The Patriots were pretty well-stocked at receiver in 2016, and position coach Chad O'Shea only picked up one of the most explosive players in the league when Brandin Cooks was dealt by New Orleans to New England this offseason.
Still, we know we can't rule anything out. That's why we're going to take a quick look at a handful of the athletic pass-catchers -- both slots and outside-the-numbers types -- in this year's draft class who look like they could make Tom Brady's life a little easier.
PHIL PERRY'S PROTOTYPICAL PATRIOTS DRAFT PREVIEW
Zay Jones, East Carolina, 6-foot-2, 205 pounds: One of the best receiver prospects in this year's class, Jones' performance at the Senior Bowl should put to rest any concerns that he simply beat up on lower-level competition when he went off for 158 catches and 1,746 yards and eight scores last season. He has the size and athleticism (4.45-second 40-yard dash, 36.5-inch vertical, 133-inch broad jump) to play on the outside, but his quickness would allow him to thrive in the slot as well (4.01-second 20-yard shuttle, 11.17-second 60-yard shuttle). That kind of versatility would make him an ideal fit in New England but he's almost guaranteed to be gone by the time the second round rolls around.
Cooper Kupp, Eastern Washington, 6-foot-2, 204 pounds: Kupp's long speed (4.62-second 40) may limit him to slot work in the NFL, but that's fine. His ability to run routes is among the best in the draft class, and he showed an uncanny ability to separate even against superior athletes with Washington (8 catches, 145 yards, 3 touchdowns in 2014), Oregon (15 catches, 246 yards, 3 touchdowns in 2015) and at this year's Senior Bowl.
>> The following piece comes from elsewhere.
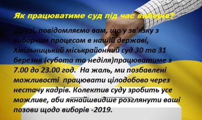 Друзі, повідомляємо вам, що у зв’язку з виборчим процесом в нашій державі, Хмільницький міськрайонний суд 30 та 31 березня (субота та неділя)працюватиме з 7.00 до 23.00 год. На жаль, ми позбавлені можливості працювати цілодобово через нестачу кадрів. Колектив суду зробить усе можливе, аби якнайшвидше розглянути ваші позови щодо виборів -2019.

Julian Edelman and Danny Amendola won't play forever, and if the Patriots are looking for their slot of the future Kupp would be a good match.
Chad Hansen, Cal, 6-foot-2, 202 pounds: In terms of his experience running a variety of routes, Hansen is more like an Antithetical Patriot. He aligned almost exclusively out wide and on the right side of Cal's formations, and according to Pro Football Focus 73.6 percent of his targets came on screens (where he was surprisingly elusive after the catch in one-on-one situations), hitches and go routes. Though his numbers at the combine were relatively pedestrian, he's quick for his size (6.74-second three-cone drill, 4.13-second short shuttle) and he plays faster than the numbers would indicate. Plus, he's one of the most coordinated outside receivers in the class. He's excellent at using his frame to high-point passes along the sidelines, and he has good awareness to get his feet down in-bounds. With plenty of room to grow after just one season as a starter with the Bears (he transferred from Idaho State after spending the 2013 season there), Hansen is the kind of work-in-progress prospect who could blossom with a year of seasoning in New England.
Taywan Taylor, Western Kentucky, 5-foot-11, 203 pounds: Though his timed speed was nothing to write home about (4.5-second 40), Taylor is another player who seemed to play faster than the numbers would indicate. Even if his speed doesn't totally translate from Conference USA to the NFL, which it very well may not, his shiftiness should allow him to create separation at the next level. He ran a 6.57-second three-cone drill, a 4.21-second short shuttle, and he looks like a middle-round selection who could figure into a slot role with the Patriots.
ArDarius Stewart, Alabama, 5-foot-11, 204 pounds: A nice recommendation from Nick Saban wouldn't hurt, but even if Stewart didn't play under Bill Belichick's good friend he'd be featured in this space. Fast enough (4.49-second 40), explosive enough (34-inch vertical, 124-inch broad jump), competitive and physical, Stewart looks like the kind of versatile option that the Patriots could align just about anywhere depending on the matchups. He's a polished route-runner who can beat corners with his hands or head-fakes, and when attacking contested passes he has the balance to hold his own at the moment of truth. An effective blocker -- key in the Patriots system -- and a potential kick-return option, there's not much to nit-pick about his fit in Foxboro. The only questions are a) can the Patriots find room for him? And b) does he fall far enough to land in their laps? NFL.com's Lance Zierlein compares him to Chris Hogan.
Mack Hollins, North Carolina, 6-foot-4, 221 pounds: If you're looking for big-time college production, Hollins probably isn't your guy. Still, his size (33-inch arms, 10.5-inch hands) and explosiveness (120-inch broad jump) give him big-play potential in the NFL. He had 20 touchdowns on 71 touches for the Tar Heels. As far as the Patriots are concerned, what might make Hollins worthy of a mid-to-late round pick is that he was a four-year special teams captain and will provide immediate help on punt and kickoff units.